## Problem to work on
Every line of the listing below should come back exactly as written, with no images.

## Data below
★ ★ ★ ★ ★ ★ ★

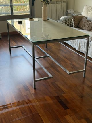 Mesa comedor o centro 140x100. Tiene dos alturas y dispone de tabla para colocar bajo el cristal por si se quiere hacer camilla para brasero. Comiendo caben perfectamente 6 personas. Las patas se quitan y para hacerla baja y se cierran con unos remates a modo de tapon de plástico. Ikea, Banak, Corte Ingles, Sklum, Jysk, Maisons du Monde, Zara Home, H&M Home, Westwing, Conforama, Muebles Boom, Kenay Home, La Oca, Leroy Merlin, Kave Home, El Corte Inglés Home, Casa, Made.com, Mobelium, Tikamoon
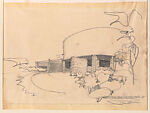 This sketch in soft graphite on transfer paper contains a perspectival view of Richard Neutra's design for the Cyclorama and Visitor's Center at Gettysburg, Pennsylvania. The Cyclorama, which also functioned as the visitor's center to the Gettysburg battle field area, was meant to house a 360-degree cyclorama that filled a drum of 80 feet in diameter with a depiction of the battle that took place in July 1863. Neutra was invited to design a building to house it, and began construction in 1958. While generally recognized as one on of Neutra's most important architectural designs, it was demolished in 2013 after the cyclorama itself had been removed for restauration work.
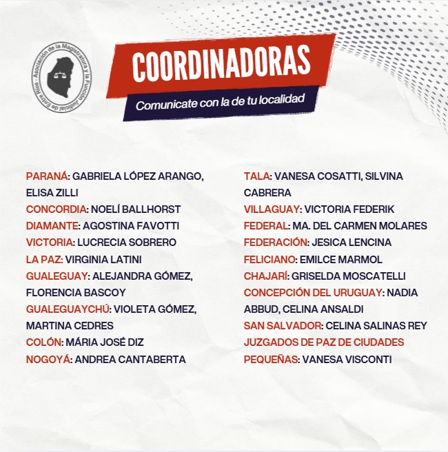 En tanto, la convocatoria en Nogoyá es el próximo martes a las 12 en el edificio de Tribunales; en Federación para el lunes 2 a las 9 en San Martín y Las Hortencias y en Concordia para el martes 3 a las 7.30 en la explanada Tribunales, Mitre 26/28.
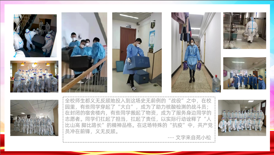 三月伊始,一场突如其来的疫情席卷长春,9778818威尼斯全校实行封寝管理制度。在抗击疫情的关键时期,为进一步贯彻落实学校、学院的各项防疫管控要求,充分发挥共产党员先锋模范作用,加深同学们对于疫情管控要求的认识,激励同学们弘扬伟大抗疫精神,彰显青春力量,9778818威尼斯博士研究生第一党支部开展了以“我看见的吉大力量”图文征集活动,2022年3月30日,支部召开图文征集活动的线上分享会,支部全体党员共同见证了“吉大力量”。

★ ★ ★ ★ ★ ★ ★

## Output
 Mesa comedor o centro 140x100. Tiene dos alturas y dispone de tabla para colocar bajo el cristal por si se quiere hacer camilla para brasero. Comiendo caben perfectamente 6 personas. Las patas se quitan y para hacerla baja y se cierran con unos remates a modo de tapon de plástico. Ikea, Banak, Corte Ingles, Sklum, Jysk, Maisons du Monde, Zara Home, H&M Home, Westwing, Conforama, Muebles Boom, Kenay Home, La Oca, Leroy Merlin, Kave Home, El Corte Inglés Home, Casa, Made.com, Mobelium, Tikamoon
 This sketch in soft graphite on transfer paper contains a perspectival view of Richard Neutra's design for the Cyclorama and Visitor's Center at Gettysburg, Pennsylvania. The Cyclorama, which also functioned as the visitor's center to the Gettysburg battle field area, was meant to house a 360-degree cyclorama that filled a drum of 80 feet in diameter with a depiction of the battle that took place in July 1863. Neutra was invited to design a building to house it, and began construction in 1958. While generally recognized as one on of Neutra's most important architectural designs, it was demolished in 2013 after the cyclorama itself had been removed for restauration work.
 En tanto, la convocatoria en Nogoyá es el próximo martes a las 12 en el edificio de Tribunales; en Federación para el lunes 2 a las 9 en San Martín y Las Hortencias y en Concordia para el martes 3 a las 7.30 en la explanada Tribunales, Mitre 26/28.
 三月伊始,一场突如其来的疫情席卷长春,9778818威尼斯全校实行封寝管理制度。在抗击疫情的关键时期,为进一步贯彻落实学校、学院的各项防疫管控要求,充分发挥共产党员先锋模范作用,加深同学们对于疫情管控要求的认识,激励同学们弘扬伟大抗疫精神,彰显青春力量,9778818威尼斯博士研究生第一党支部开展了以“我看见的吉大力量”图文征集活动,2022年3月30日,支部召开图文征集活动的线上分享会,支部全体党员共同见证了“吉大力量”。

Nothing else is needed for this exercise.